Книга: Город Брежнев
Назад: 2. Шапку натяни
Дальше: 4. Три куста смородины

3. Кинщик заболел

В школе и по дороге в школу я часто думал, как классно было бы сейчас оказаться дома. Валяться в постели, смотреть телик, пить чай, даже, может, читать – главное, не делать ничего обязательного. Не пялиться в доску. Не писать в тетрадке. Не слушать размеренный голос учителя, бодрые ответы девчонок и вялые – пацанов, хотя последние прикольные бывают, особенно если не тебя заставили отвечать. Не бежать вверх по заляпанной глиной дороге, уворачиваясь от «КамАЗов», потом – вверх-вниз по неровному пустырю и сквозь струю пара, бьющую прямо из земли, вернее, из трубы, закопанной ровно на половине пути до школы, потом – горизонтально по дорожкам, выложенным бетонными плитами, и через школьный двор, через галдящий вход и через дежурных старшеклассников, которые, говорят, только после пары махалок в котловане догадались не нарываться на неприятности с восьмыми и перевели потоки остроумия на салажат.
Просто сидеть дома. Или лежать. Да хоть стоять, блин.
На самом деле нет в этом ничего прикольного.

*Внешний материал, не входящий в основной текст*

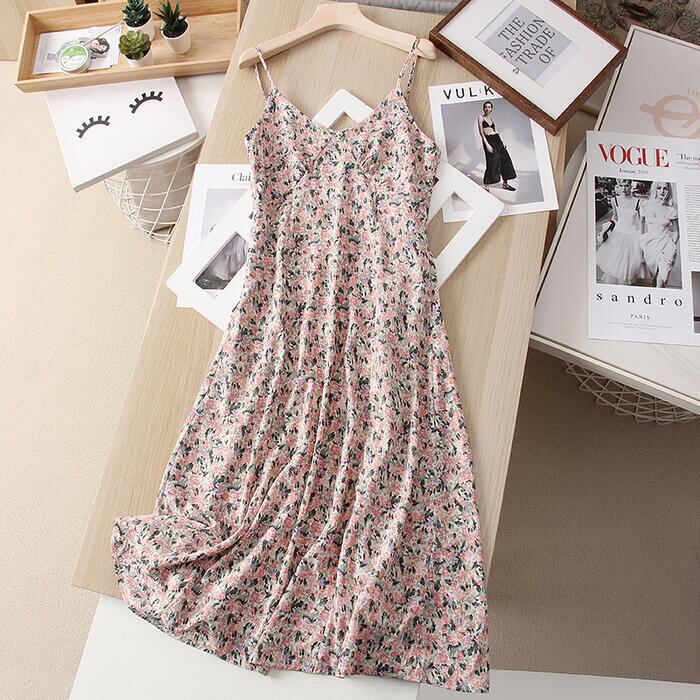 小花柄がレトロ可愛いキャミワンピース。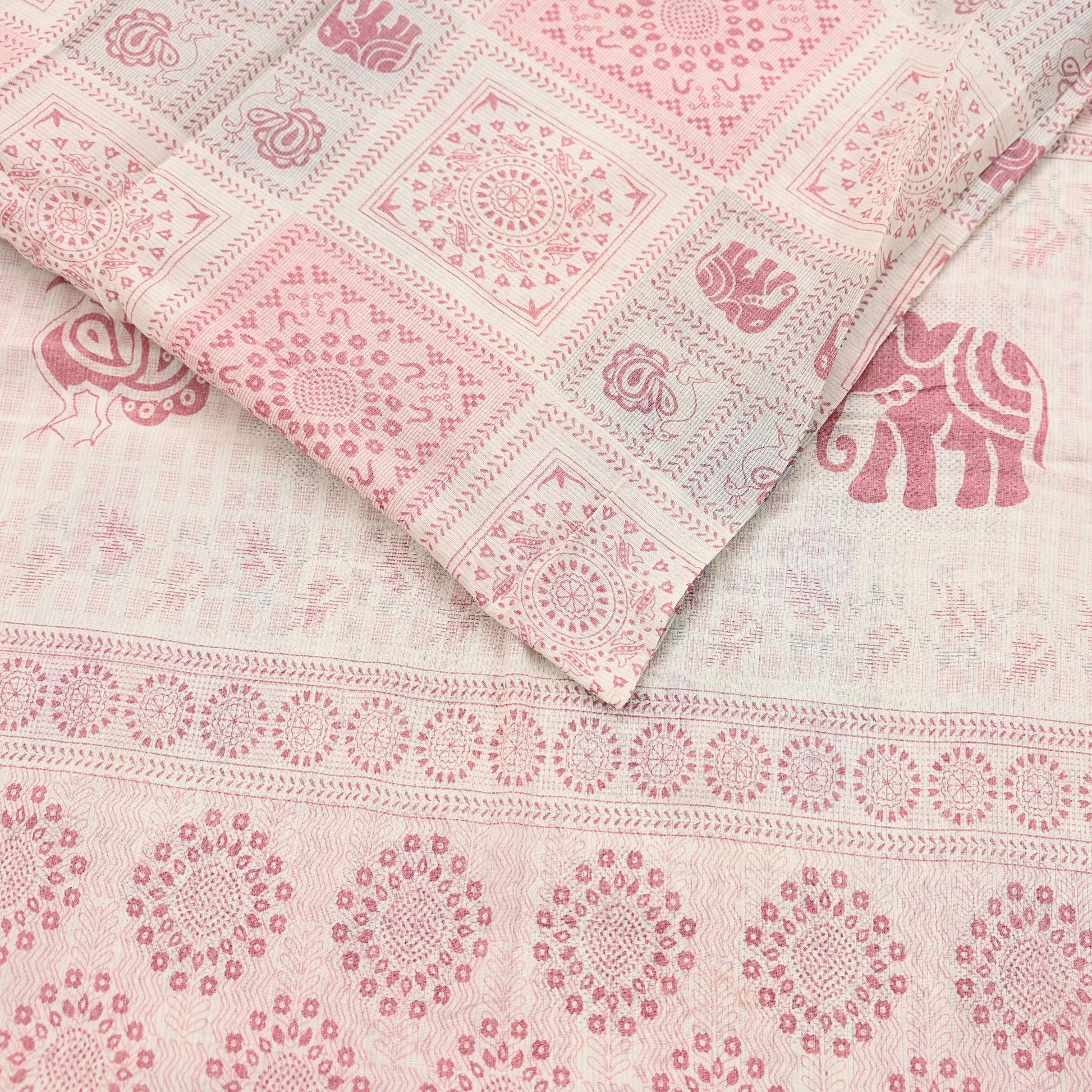 *Beautiful Ivory Colored Printed Pure Cotton Saree.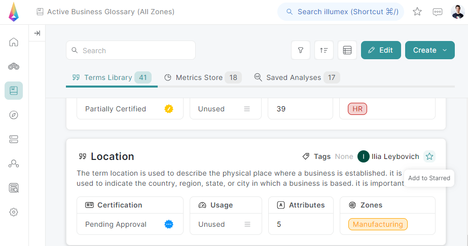 With illumex, you can mark any entity with a star, and all starred entities will be listed on a dedicated panel located on the upper panel for easy access.

Я лежал, я сидел, я стоял, я бродил по знакомым наизусть узорам ковров, воображая, что между узорами – пропасть, отжимался, качал живот, пока кровь носом не пошла, вставал на голову, чтобы проверить, остановит ли это кровь, – чуть не захлебнулся, раскашлялся и забрызгал весь зал алыми капельками, потом вытирал полчаса.
Я пил чай и отвар душицы, ел хлеб с маслом, хлеб с маслом и сахаром, хлеб с подсолнечным маслом и солью, пока живот не сказал: «Э, харэ» – твердо, резко и почти вслух.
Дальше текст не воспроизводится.